__DATA SEGMENT__.
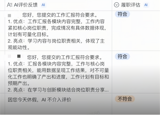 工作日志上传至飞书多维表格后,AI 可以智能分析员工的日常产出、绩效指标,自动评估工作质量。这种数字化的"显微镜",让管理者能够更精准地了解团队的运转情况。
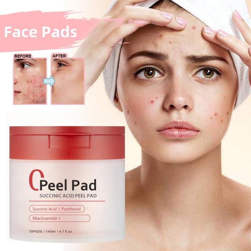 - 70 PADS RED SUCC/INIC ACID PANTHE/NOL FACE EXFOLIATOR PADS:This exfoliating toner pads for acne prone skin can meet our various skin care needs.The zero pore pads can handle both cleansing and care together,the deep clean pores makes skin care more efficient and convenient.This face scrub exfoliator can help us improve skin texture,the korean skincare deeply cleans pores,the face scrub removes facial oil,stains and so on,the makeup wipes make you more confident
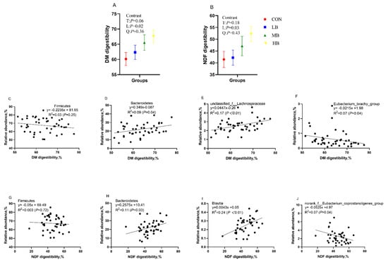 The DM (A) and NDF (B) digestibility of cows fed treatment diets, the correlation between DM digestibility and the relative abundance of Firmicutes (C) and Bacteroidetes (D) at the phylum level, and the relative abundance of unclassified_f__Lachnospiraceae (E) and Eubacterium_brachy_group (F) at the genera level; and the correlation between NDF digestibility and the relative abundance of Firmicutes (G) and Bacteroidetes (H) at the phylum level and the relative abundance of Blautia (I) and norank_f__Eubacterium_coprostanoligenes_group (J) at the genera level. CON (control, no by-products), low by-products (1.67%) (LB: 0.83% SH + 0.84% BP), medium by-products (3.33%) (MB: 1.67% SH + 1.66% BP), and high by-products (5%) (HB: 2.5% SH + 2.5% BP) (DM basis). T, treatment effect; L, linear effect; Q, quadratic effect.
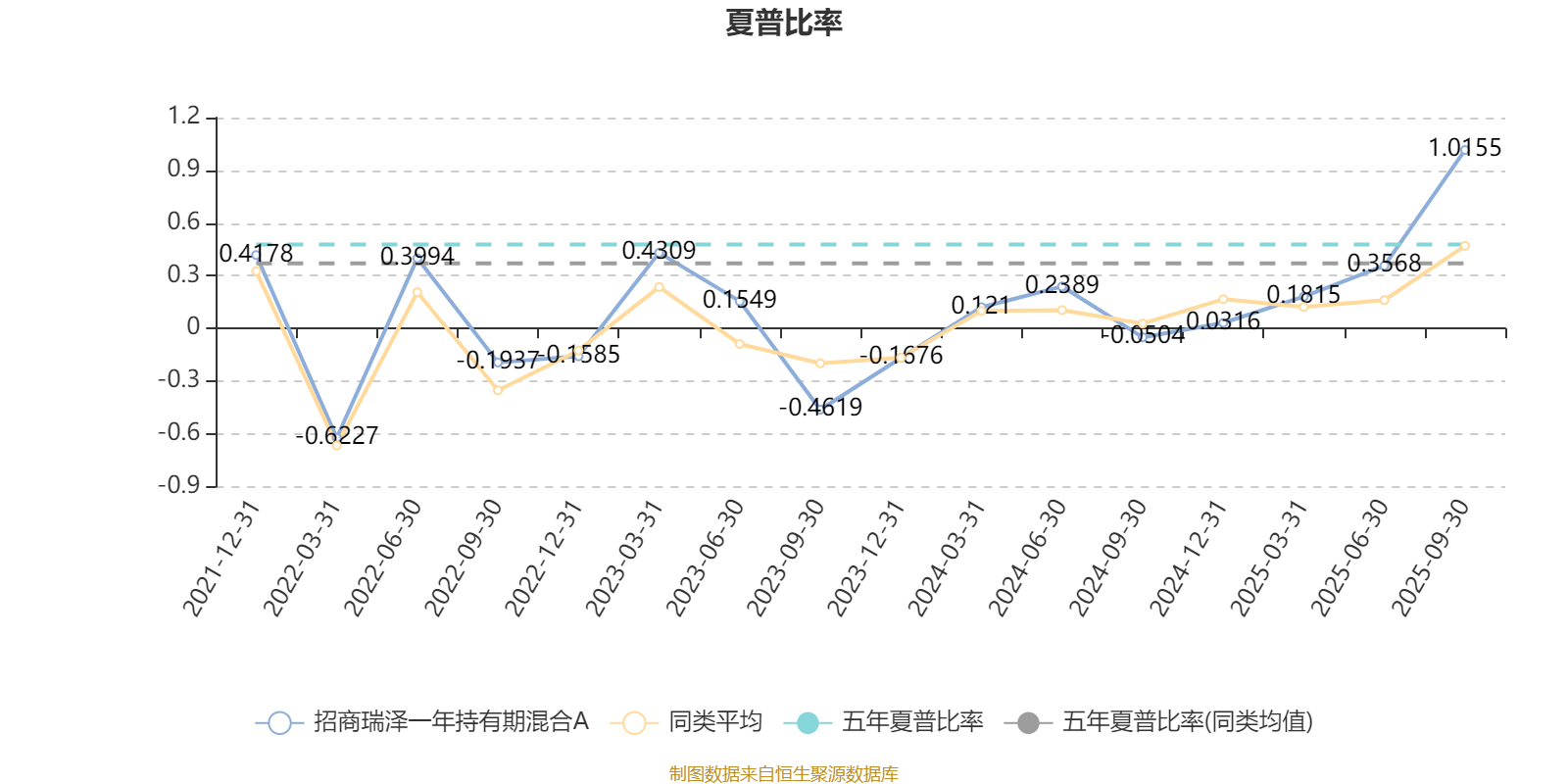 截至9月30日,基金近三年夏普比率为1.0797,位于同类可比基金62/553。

__WHAT NEEDS TO BE DONE__. Reproduce the listing above exactly, excluding all pictures.

__WRITTEN REPLY__.
 工作日志上传至飞书多维表格后,AI 可以智能分析员工的日常产出、绩效指标,自动评估工作质量。这种数字化的"显微镜",让管理者能够更精准地了解团队的运转情况。
 - 70 PADS RED SUCC/INIC ACID PANTHE/NOL FACE EXFOLIATOR PADS:This exfoliating toner pads for acne prone skin can meet our various skin care needs.The zero pore pads can handle both cleansing and care together,the deep clean pores makes skin care more efficient and convenient.This face scrub exfoliator can help us improve skin texture,the korean skincare deeply cleans pores,the face scrub removes facial oil,stains and so on,the makeup wipes make you more confident
 The DM (A) and NDF (B) digestibility of cows fed treatment diets, the correlation between DM digestibility and the relative abundance of Firmicutes (C) and Bacteroidetes (D) at the phylum level, and the relative abundance of unclassified_f__Lachnospiraceae (E) and Eubacterium_brachy_group (F) at the genera level; and the correlation between NDF digestibility and the relative abundance of Firmicutes (G) and Bacteroidetes (H) at the phylum level and the relative abundance of Blautia (I) and norank_f__Eubacterium_coprostanoligenes_group (J) at the genera level. CON (control, no by-products), low by-products (1.67%) (LB: 0.83% SH + 0.84% BP), medium by-products (3.33%) (MB: 1.67% SH + 1.66% BP), and high by-products (5%) (HB: 2.5% SH + 2.5% BP) (DM basis). T, treatment effect; L, linear effect; Q, quadratic effect.
 截至9月30日,基金近三年夏普比率为1.0797,位于同类可比基金62/553。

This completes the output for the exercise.